• _WORK INSTRUCTION_
Output the listing below verbatim, without images.

• _INFORMATION PROVIDED_

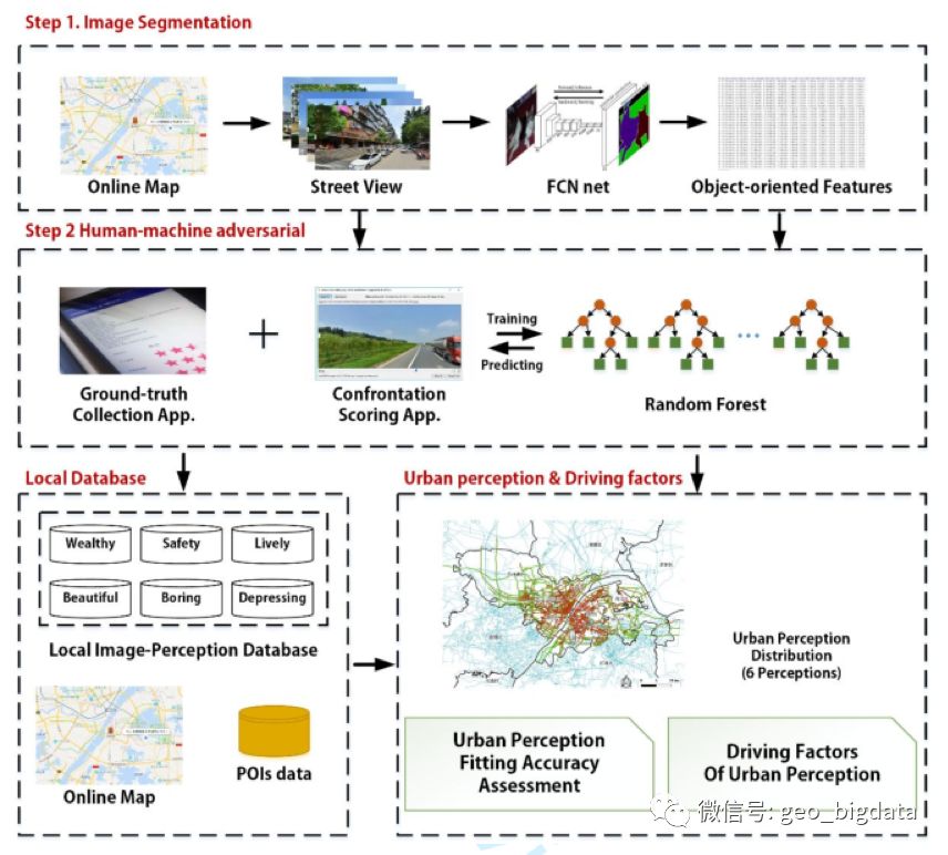 近些年随着大量带有地理标签的图片数据集的出现,由于其包含着丰富的可视信息,可以准确刻画城市的视觉环境。此外人类大脑和视觉也是城市居民获取对周边环境感知最为直接和有效的方式,在对自然场景的全局性理解和识别方面具有本质的优越性,因此城市街景可以更好的辅助我们对城市感知的定量分析和定性理解。
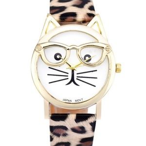 NEW Hipster Cat Watch with Glasses & Leopard Band
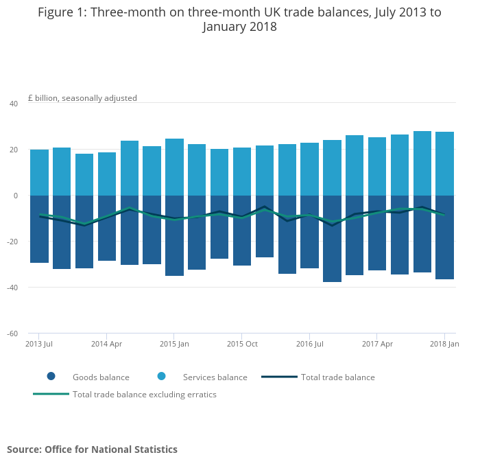 The total UK trade (goods and services) deficit widened by £3.4 billion to £8.7 billion in the three months to January 2018; excluding erratic commodities, the deficit widened by £2.6 billion to £8.9 billion.

• _TASK ANSWER_
 近些年随着大量带有地理标签的图片数据集的出现,由于其包含着丰富的可视信息,可以准确刻画城市的视觉环境。此外人类大脑和视觉也是城市居民获取对周边环境感知最为直接和有效的方式,在对自然场景的全局性理解和识别方面具有本质的优越性,因此城市街景可以更好的辅助我们对城市感知的定量分析和定性理解。
 NEW Hipster Cat Watch with Glasses & Leopard Band
 The total UK trade (goods and services) deficit widened by £3.4 billion to £8.7 billion in the three months to January 2018; excluding erratic commodities, the deficit widened by £2.6 billion to £8.9 billion.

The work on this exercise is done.